The Atlantic released special coverage for the 50th anniversary of King’s death, including highlights from Frazier’s project. Although King was assassinated in Memphis, Frazier explores how his death also influenced the way the cities of Chicago and Baltimore are physically structured.
Front-Page Femmes
Feminist artist Judy Chicago will release a limited edition collection of plates inspired by The Dinner Party.
The documentary Grace Jones: Bloodlight and Bami “traces nearly five years in the life of the singular vocalist, unparalleled stage goddess, fashion renegade and general paragon of the fabulous life, who will be 70 in May.”
Joy McCullough’s book Blood Water Paint uses 400-year-old court transcripts to re-create Baroque artist Artemisia Gentileschi’s rape trial.
Meg Wolitzer’s book The Female Persuasion “asks how women (and the men they love) should navigate their lives.”
The Art Newspaper explores Asia’s male-dominated art scenes.
artnet highlights the gender pay gap in the U.K.’s auction houses and museums.
Katherine Sherwood reimagines famous nude paintings by replacing the figures of white odalisques with disabled women of color.
A statue of Mary Thomas called I Am Queen Mary is the first public monument to a black woman in Denmark.

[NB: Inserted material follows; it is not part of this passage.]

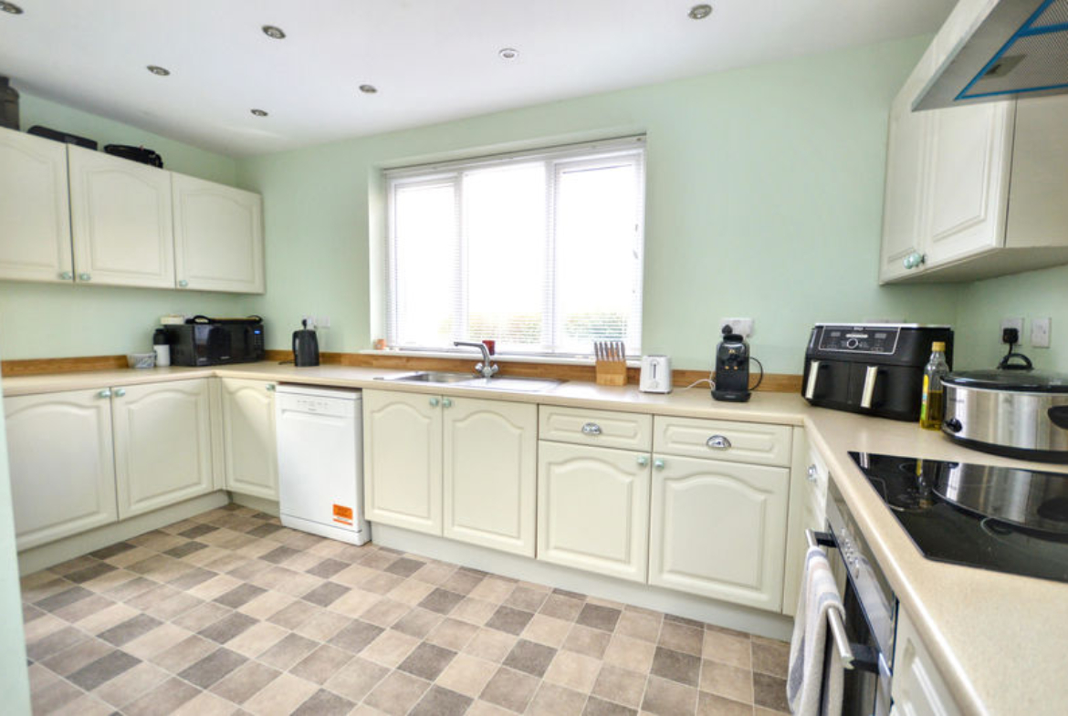 The ground floor features a welcoming living room which opens seamlessly into the dining room, creating a wonderfully bright and light-filled dual-aspect space—perfect for both everyday living and entertaining. To the rear, an extended dining kitchen offers generous worktop and storage space, along with ample room for a table and chairs, making it the true heart of the home.

“I wanted to paint in the air,” says Rebecca Louise Law about her suspended, large-scale flower installations.
Sharmeen Obaid-Chinoy’s films document women’s lives in Pakistan through exposing patriarchal structures and advocating for women’s education.
In an interview with the New York Times, actress Evan Rachel Wood discusses how playing the role of Dolores on Westworld has helped her deal with her trauma as a survivor of sexual assault.

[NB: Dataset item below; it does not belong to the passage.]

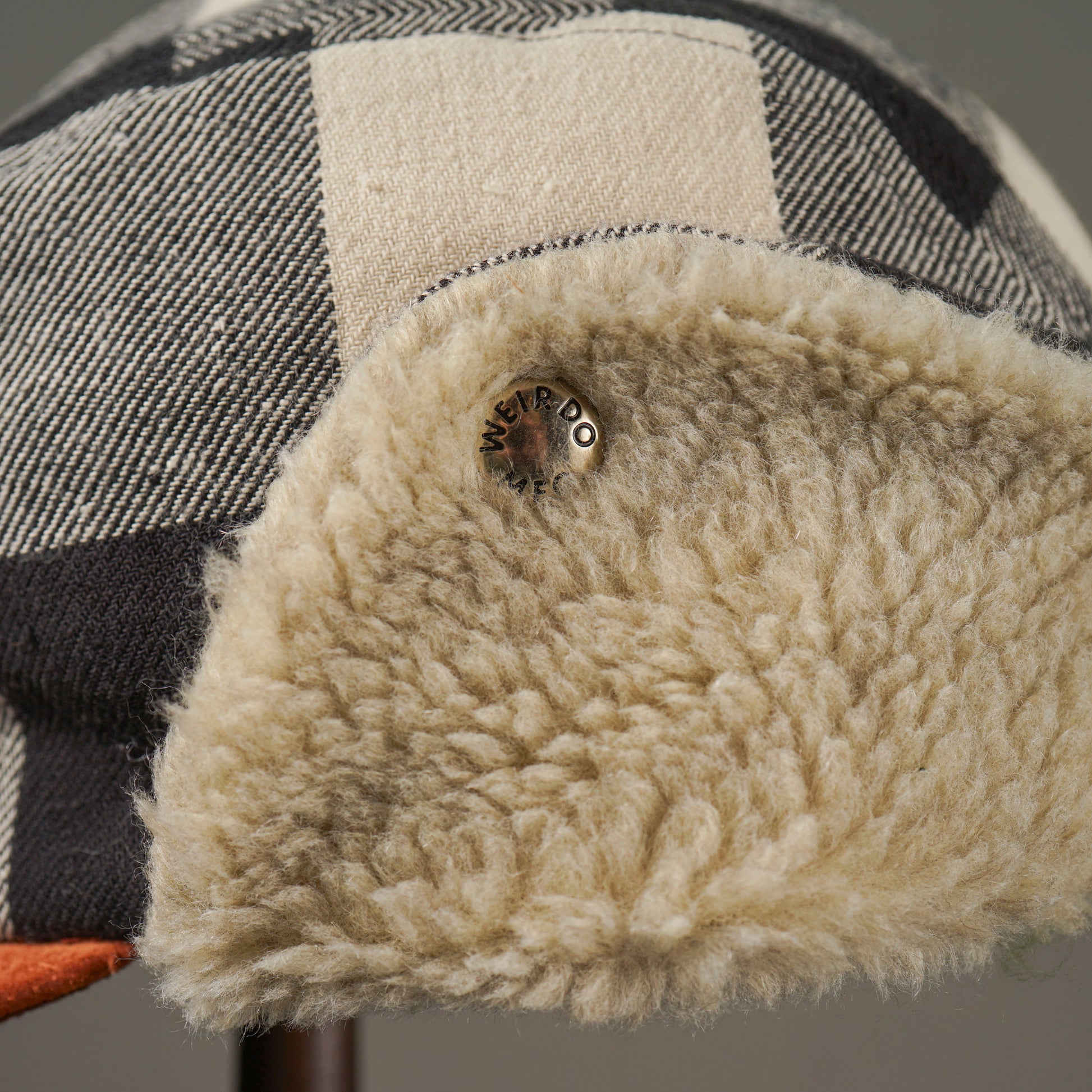 古い紡績機で引いた糸を使用することでナチュラルなムラ感を感じる素材、甘めに織り上げた後、洗いをかけることで膨らみのある風合に仕上げたチェック柄を使用。ジェットキャップにボアの耳当て付け、裏地に中綿キルトをあてたトラッパーキャップ。タウンユースもちろん、アウトドアシーンでも使用頂けます。

Iranian artist Shirin Neshat’s new film explores the life of Egyptian singer Oum Kulthum.
Shows We Want to See
A survey of Zoe Leonard’s “strangely beautiful, unpretentiously intimate, and adamantly political work” is on view at the Whitney Museum of American Art. Divided into seven sections, the exhibition includes a college of vintage postcards, dye-transferred captures of mom-and-pop shops, and photos of 1930s black lesbian actress Fae Richards. The show also includes Leonard’s I Want a President.

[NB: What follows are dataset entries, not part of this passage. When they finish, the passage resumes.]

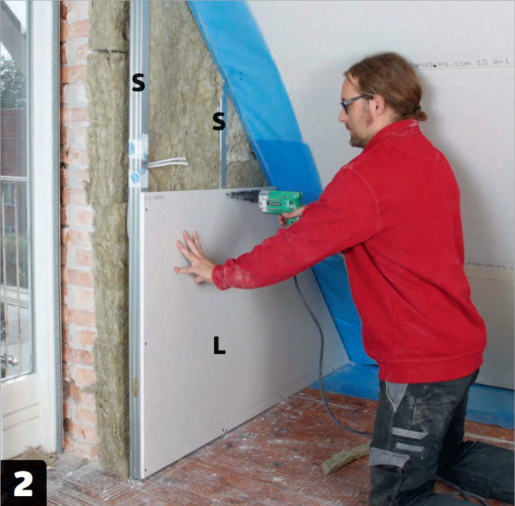 Ruuvaa alimmat kipsilevyt (L) kiinni tolppiin (S) lyhyillä kipsilevyruuveilla. Tässä levyt asennetaan vaakaan, mutta korkealla seinällä ne kannattaa asentaa pystyyn. Asenna ruuvit noin 40 sentin välein.
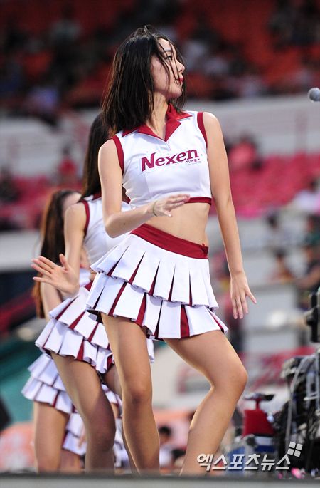 [엑스포츠뉴스=권혁재 기자] 9일 오후 서울 양천구 목동야구장에서 열린 '2013 한국야쿠르트 세븐 프로야구' 롯데 자이언츠와 넥센 히어로즈의 경기, 넥센 치어리더가 섹시한 안무를 선보이고 있다.
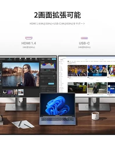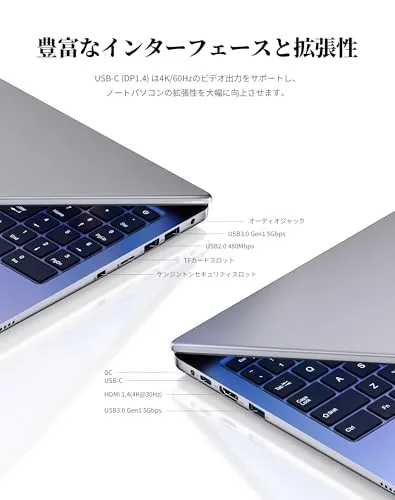 内蔵ウェブカメラ、WiFi 5、Bluetooth 5.0、HDMI、USB 3.2(5Gdps)、Type-C、TFカードリーダー、マイク/ヘッドホン出力端子

A survey at the Museum of Contemporary Art Chicago showcases the evolution of Howardena Pindell’s work over the past five decades.
Through site-specific installations, Renée Green creates a dialogue with museum institutions and architecture. Green’s exhibition Within Living Memory, the final installment of her two-year residency, is on view at Harvard University’s Carpenter Center for the Visual Arts.